Taking these two sections together, Diamond is showing us how societies themselves affect the environment, and how the effects those societies themselves had on their environment led to their downfall—or, in some cases, how those societies recognized and solved their environmental problems to their own benefit. This isn’t Al Gore’s Earth in the Balance. Diamond is no breathless idealist. He’s simply using empirical evidence to show how societal mismanagement of the environment has significant, and often negative, impacts on society itself.
The final chapters of the book relate more general ideas about the environment and society, such as how on Earth could the Easter Islanders have been so stupid as to cut down all their trees. Diamond examines how societies fail to perceive, to understand, and to solve environmental problems. He discusses how major players in any society, be they tribal chieftains or corporate CEOs, have looked at environmental issues.
The final chapter of Collapse summarizes what Diamond sees as the largest environmental problems currently affecting society, how they are interconnected, and how they can be solved. He doesn’t propose solutions, he simply points out that all of the problems can, in fact, be solved by modern world society. But it will take sustained political will. And a part of that sustained will must come from us First Worlders, in the form of embracing a lifestyle that involves less consumption.
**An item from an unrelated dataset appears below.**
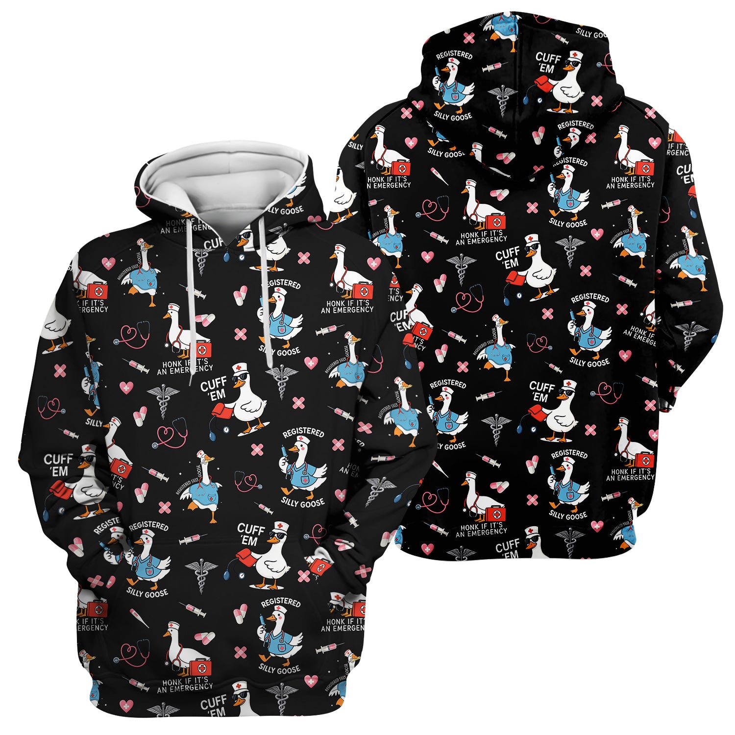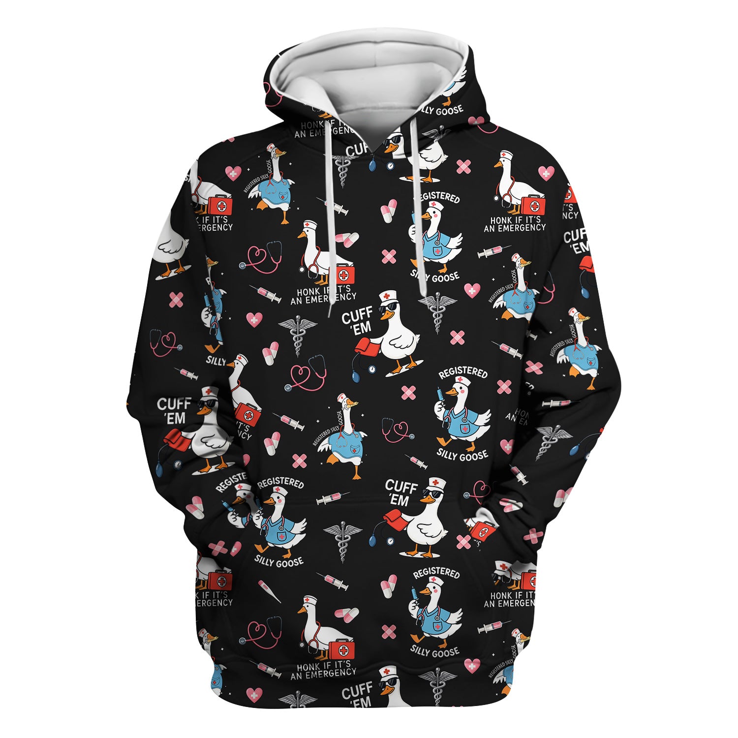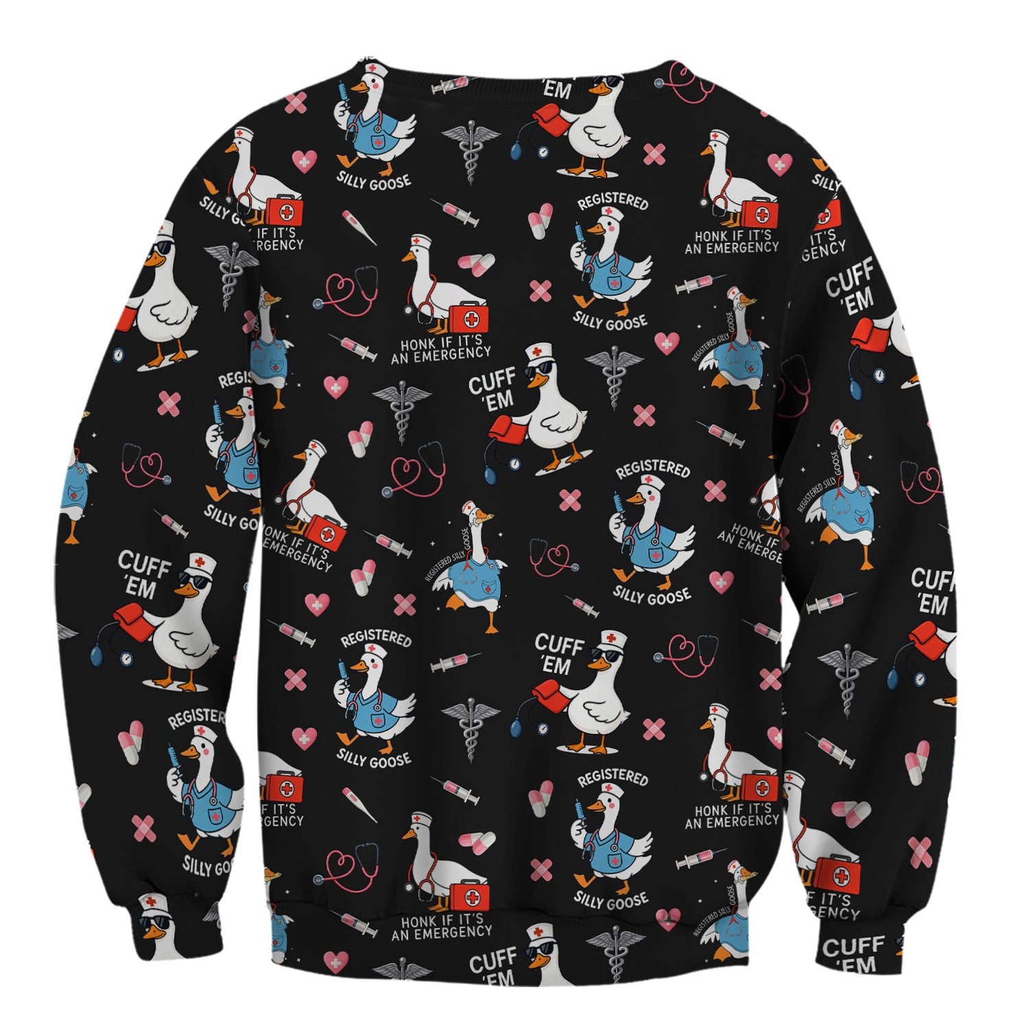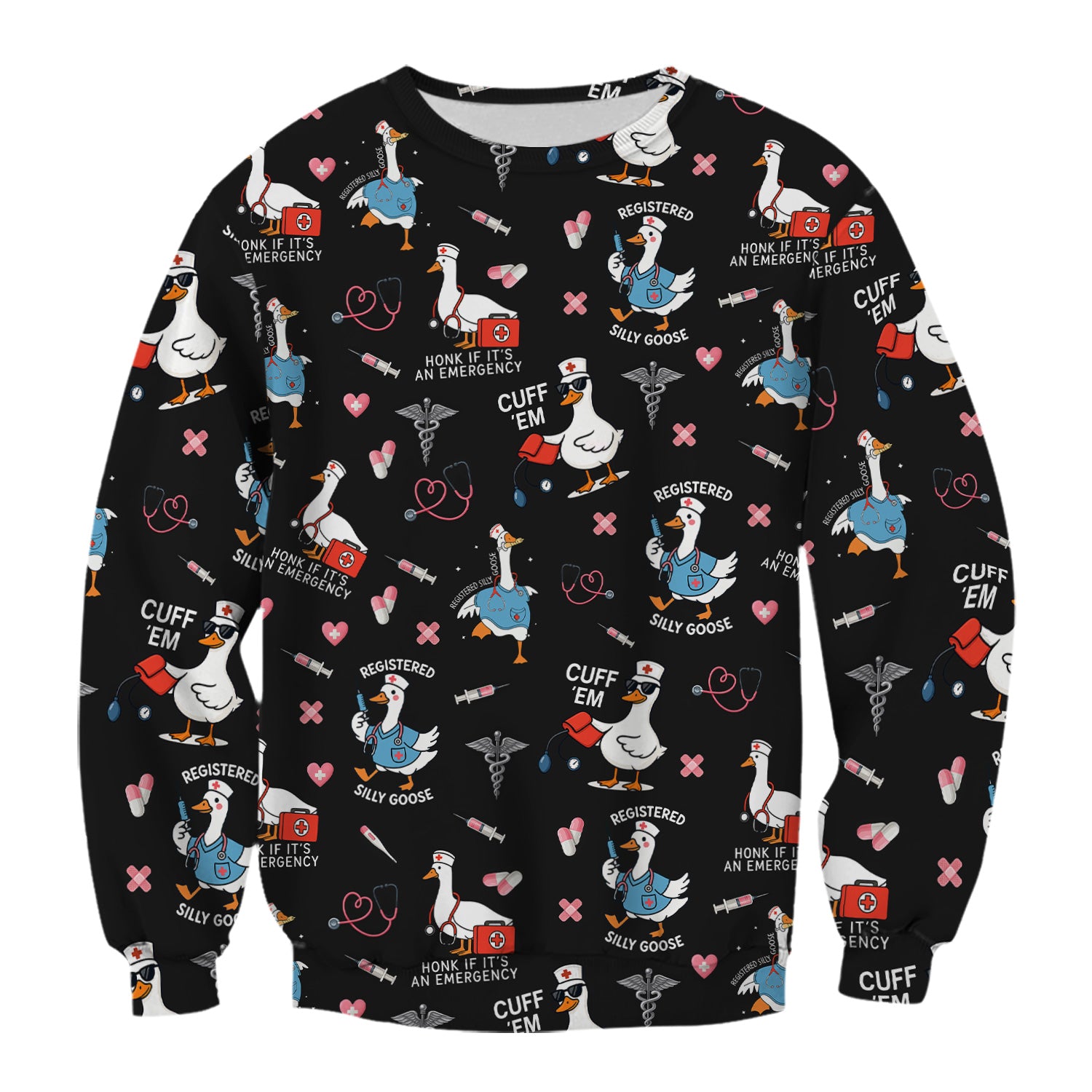 Goose Nurse Graphic T-Shirt for Women - Cute Medical Work Tee with Stethoscope & Heart Icons - Gift for RN, CNA, LPN

Less consumption frequently is translated to "lower standard of living," but this need not necessarily be the case. Diamond does not get into this but I'm thinking about it and will probably post on it later.
I would love to discuss this book at length with anyone who is interested in doing so. But I must leave this review here. In summary, this is an outstanding book, one that deserves to be read by everyone. One reviewer called it "the most important book of the decade," and he may not be far off. You owe it to yourself and your children to read it. My only fear is that most Americans will likely turn their backs to Diamond's message. Jared Diamond calls himself a "cautious optimist" about the future. I hope he's right.